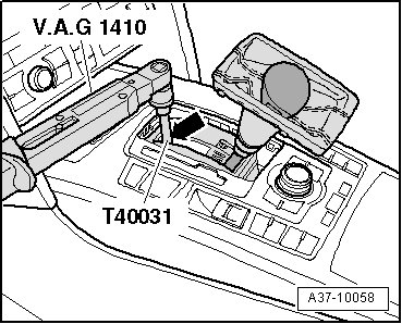 - Loosen selector lever cable clamping bolt approximately 1 turn using Socket (T40031).
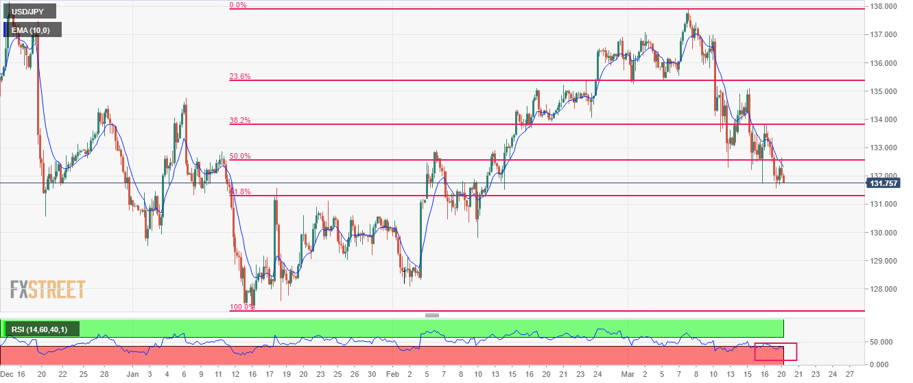 4小时图显示,美元/日元正下跌接近(从1月16日的低点127.22至3月08日的高点137.91)下降趋势61.8%斐波位131.30附近。
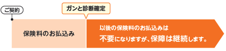 ガン給付責任開始期以後に初めてガン(上皮内ガンを含む)と診断確定されたとき、保障はそのままで以後の保険料のお払込みは不要になります。
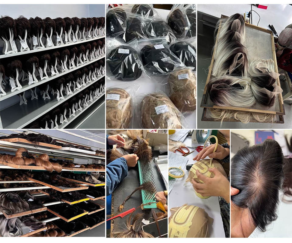 Cabello gris:Use cabello sintético para porcentajes grises 50%, cabello humano para ≥ 60%
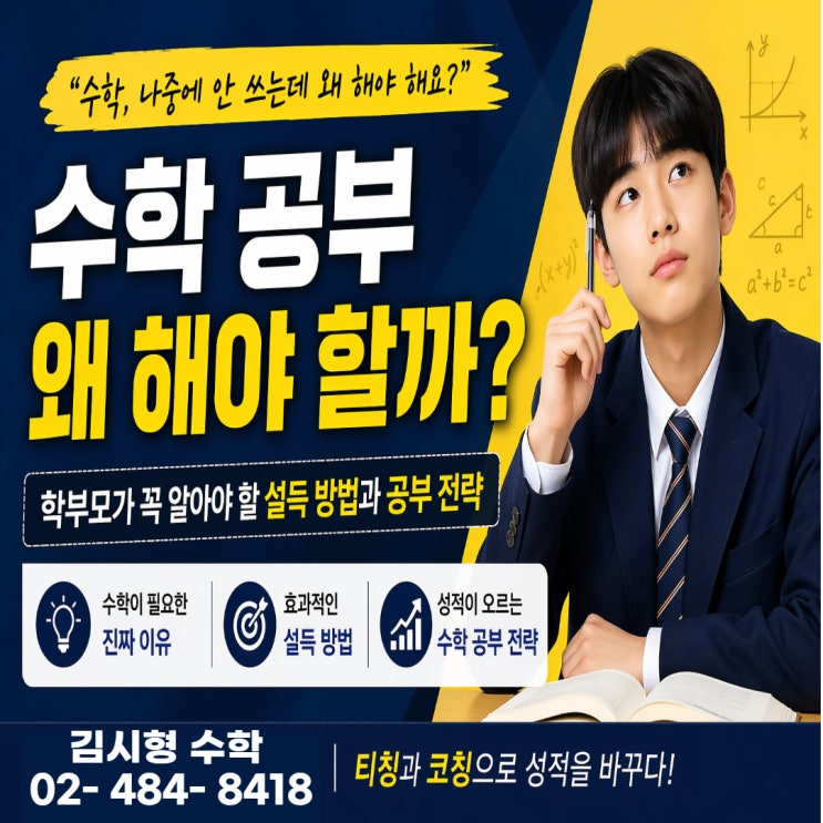 안녕하세요? 강동구 김시형수학입니다. 학부모 상담을 하다 보면 가장 많이 듣는 질문이 있습니다. “수학, 나중에 안 쓰는데 왜 해야 해요?” 이 질문은 단순한 반항이 아니라 대부분의 학생들이 공부를 피하기 위한 논리를 만드는 과정에서 나옵니다. 그래서 중요한 것은 감정적으로 설득하는 것이 아니라, 논리적으로 반박하기 어려운 구조를 만들어주는 것입니다. 수학 전문가에서 수학을 배워야 한다 (학교 선생님 출신 원장님 직강) 1. 수학 공부 설득의 진짜 목적 많은 학부모님들이 기대하는 것은 “설득하면 학생이 갑자기 열심히 한다”는 변화입니다. 하지만 현실적으로 그 확률은 높지 않습니다. 설득의 목적은 다음과 같습니다. - 공....... <img src="https://blogthumb.pstatic.net/MjAyNjA0MjRfMTI1/MDAxNzc3MDE3MzIwMzU4._fdD_O4-xm7_9Af4IZ0KgW6p4_QBbDmJ6yJBbH5BdFcg._ATEVdU5P-lYIoJFm4tOQIpxl2XC-cEjayJMFHGiS24g.JPEG/%C1%A6%B8%F1%C0%BB_%C0%D4%B7%C2%C7%CF%BC%BC%BF%E4_%288%29.jpg?type=s3" />
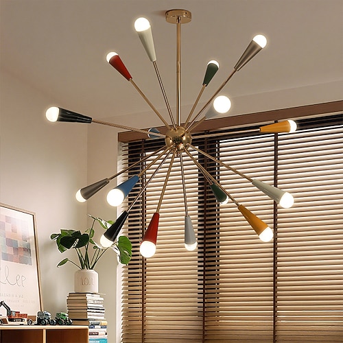 Lampadario sputnik multicolore a 12/16 braccia di metà secolo Lampadario da soffitto in ottone, elegante arredamento per la casa, luce conica multicolore unica
####################
#### Activity
In the data above, find the line with "ガン給付責任開始期以後に初め" and the line with "Cabello gris:Use cabello". Please copy exactly those two lines and every line between them, but not the pictures.

#### Reply
 ガン給付責任開始期以後に初めてガン(上皮内ガンを含む)と診断確定されたとき、保障はそのままで以後の保険料のお払込みは不要になります。
 Cabello gris:Use cabello sintético para porcentajes grises 50%, cabello humano para ≥ 60%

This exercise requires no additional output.